= DESCRIPTION OF THE TASK =
Retype the listing exactly. Leave out the images.

[DATA SHOWN — start]

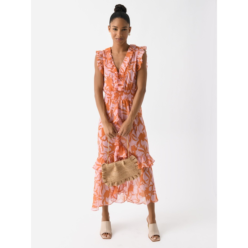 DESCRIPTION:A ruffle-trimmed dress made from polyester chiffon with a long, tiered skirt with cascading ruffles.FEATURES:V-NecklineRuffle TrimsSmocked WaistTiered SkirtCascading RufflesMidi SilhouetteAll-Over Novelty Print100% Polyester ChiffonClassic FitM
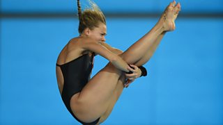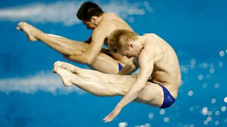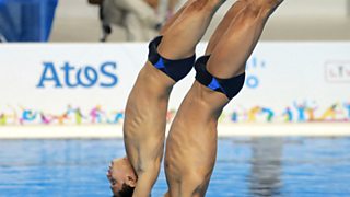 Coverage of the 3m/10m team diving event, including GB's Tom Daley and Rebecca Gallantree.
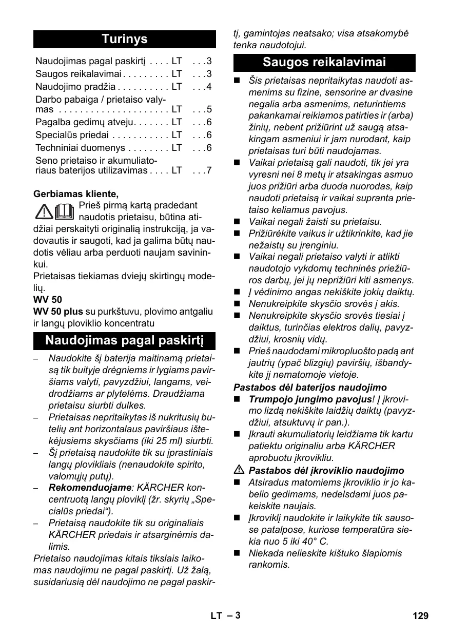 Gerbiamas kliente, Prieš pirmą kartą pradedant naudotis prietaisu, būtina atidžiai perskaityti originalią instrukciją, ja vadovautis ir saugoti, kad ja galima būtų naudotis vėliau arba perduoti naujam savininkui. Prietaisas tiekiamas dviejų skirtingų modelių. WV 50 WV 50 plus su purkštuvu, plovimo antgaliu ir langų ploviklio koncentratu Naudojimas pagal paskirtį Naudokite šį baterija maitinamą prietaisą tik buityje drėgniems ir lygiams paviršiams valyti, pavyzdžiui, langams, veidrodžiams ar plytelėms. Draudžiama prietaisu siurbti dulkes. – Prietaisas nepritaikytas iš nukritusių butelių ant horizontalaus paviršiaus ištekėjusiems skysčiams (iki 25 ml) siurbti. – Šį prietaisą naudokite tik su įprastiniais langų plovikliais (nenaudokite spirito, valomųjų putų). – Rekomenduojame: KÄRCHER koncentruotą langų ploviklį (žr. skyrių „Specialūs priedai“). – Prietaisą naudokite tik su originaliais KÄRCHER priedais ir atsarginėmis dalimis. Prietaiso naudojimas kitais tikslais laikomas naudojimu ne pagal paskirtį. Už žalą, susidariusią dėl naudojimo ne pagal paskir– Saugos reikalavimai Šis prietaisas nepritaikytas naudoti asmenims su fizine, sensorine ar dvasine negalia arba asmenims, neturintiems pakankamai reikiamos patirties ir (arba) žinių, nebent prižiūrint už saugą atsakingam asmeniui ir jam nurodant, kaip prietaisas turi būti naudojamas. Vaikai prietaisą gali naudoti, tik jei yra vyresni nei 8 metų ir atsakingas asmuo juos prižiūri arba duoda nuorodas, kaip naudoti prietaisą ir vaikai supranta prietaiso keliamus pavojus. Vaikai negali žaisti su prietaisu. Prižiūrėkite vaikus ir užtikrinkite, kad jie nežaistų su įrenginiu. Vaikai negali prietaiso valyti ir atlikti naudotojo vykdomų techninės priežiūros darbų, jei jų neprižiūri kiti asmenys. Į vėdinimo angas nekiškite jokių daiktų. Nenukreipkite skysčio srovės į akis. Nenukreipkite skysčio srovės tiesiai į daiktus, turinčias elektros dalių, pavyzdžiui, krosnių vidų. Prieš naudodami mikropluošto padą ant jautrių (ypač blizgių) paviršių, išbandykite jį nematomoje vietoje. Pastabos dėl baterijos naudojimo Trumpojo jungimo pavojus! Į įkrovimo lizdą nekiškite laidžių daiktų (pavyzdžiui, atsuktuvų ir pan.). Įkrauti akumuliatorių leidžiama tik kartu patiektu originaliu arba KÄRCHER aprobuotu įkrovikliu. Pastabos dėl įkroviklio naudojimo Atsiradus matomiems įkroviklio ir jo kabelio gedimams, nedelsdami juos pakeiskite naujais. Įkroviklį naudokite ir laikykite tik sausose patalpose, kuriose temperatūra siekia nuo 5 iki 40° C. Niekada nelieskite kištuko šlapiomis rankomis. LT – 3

[DATA SHOWN — finish]

= RESULT BELOW =
 DESCRIPTION:A ruffle-trimmed dress made from polyester chiffon with a long, tiered skirt with cascading ruffles.FEATURES:V-NecklineRuffle TrimsSmocked WaistTiered SkirtCascading RufflesMidi SilhouetteAll-Over Novelty Print100% Polyester ChiffonClassic FitM
 Coverage of the 3m/10m team diving event, including GB's Tom Daley and Rebecca Gallantree.
 Gerbiamas kliente, Prieš pirmą kartą pradedant naudotis prietaisu, būtina atidžiai perskaityti originalią instrukciją, ja vadovautis ir saugoti, kad ja galima būtų naudotis vėliau arba perduoti naujam savininkui. Prietaisas tiekiamas dviejų skirtingų modelių. WV 50 WV 50 plus su purkštuvu, plovimo antgaliu ir langų ploviklio koncentratu Naudojimas pagal paskirtį Naudokite šį baterija maitinamą prietaisą tik buityje drėgniems ir lygiams paviršiams valyti, pavyzdžiui, langams, veidrodžiams ar plytelėms. Draudžiama prietaisu siurbti dulkes. – Prietaisas nepritaikytas iš nukritusių butelių ant horizontalaus paviršiaus ištekėjusiems skysčiams (iki 25 ml) siurbti. – Šį prietaisą naudokite tik su įprastiniais langų plovikliais (nenaudokite spirito, valomųjų putų). – Rekomenduojame: KÄRCHER koncentruotą langų ploviklį (žr. skyrių „Specialūs priedai“). – Prietaisą naudokite tik su originaliais KÄRCHER priedais ir atsarginėmis dalimis. Prietaiso naudojimas kitais tikslais laikomas naudojimu ne pagal paskirtį. Už žalą, susidariusią dėl naudojimo ne pagal paskir– Saugos reikalavimai Šis prietaisas nepritaikytas naudoti asmenims su fizine, sensorine ar dvasine negalia arba asmenims, neturintiems pakankamai reikiamos patirties ir (arba) žinių, nebent prižiūrint už saugą atsakingam asmeniui ir jam nurodant, kaip prietaisas turi būti naudojamas. Vaikai prietaisą gali naudoti, tik jei yra vyresni nei 8 metų ir atsakingas asmuo juos prižiūri arba duoda nuorodas, kaip naudoti prietaisą ir vaikai supranta prietaiso keliamus pavojus. Vaikai negali žaisti su prietaisu. Prižiūrėkite vaikus ir užtikrinkite, kad jie nežaistų su įrenginiu. Vaikai negali prietaiso valyti ir atlikti naudotojo vykdomų techninės priežiūros darbų, jei jų neprižiūri kiti asmenys. Į vėdinimo angas nekiškite jokių daiktų. Nenukreipkite skysčio srovės į akis. Nenukreipkite skysčio srovės tiesiai į daiktus, turinčias elektros dalių, pavyzdžiui, krosnių vidų. Prieš naudodami mikropluošto padą ant jautrių (ypač blizgių) paviršių, išbandykite jį nematomoje vietoje. Pastabos dėl baterijos naudojimo Trumpojo jungimo pavojus! Į įkrovimo lizdą nekiškite laidžių daiktų (pavyzdžiui, atsuktuvų ir pan.). Įkrauti akumuliatorių leidžiama tik kartu patiektu originaliu arba KÄRCHER aprobuotu įkrovikliu. Pastabos dėl įkroviklio naudojimo Atsiradus matomiems įkroviklio ir jo kabelio gedimams, nedelsdami juos pakeiskite naujais. Įkroviklį naudokite ir laikykite tik sausose patalpose, kuriose temperatūra siekia nuo 5 iki 40° C. Niekada nelieskite kištuko šlapiomis rankomis. LT – 3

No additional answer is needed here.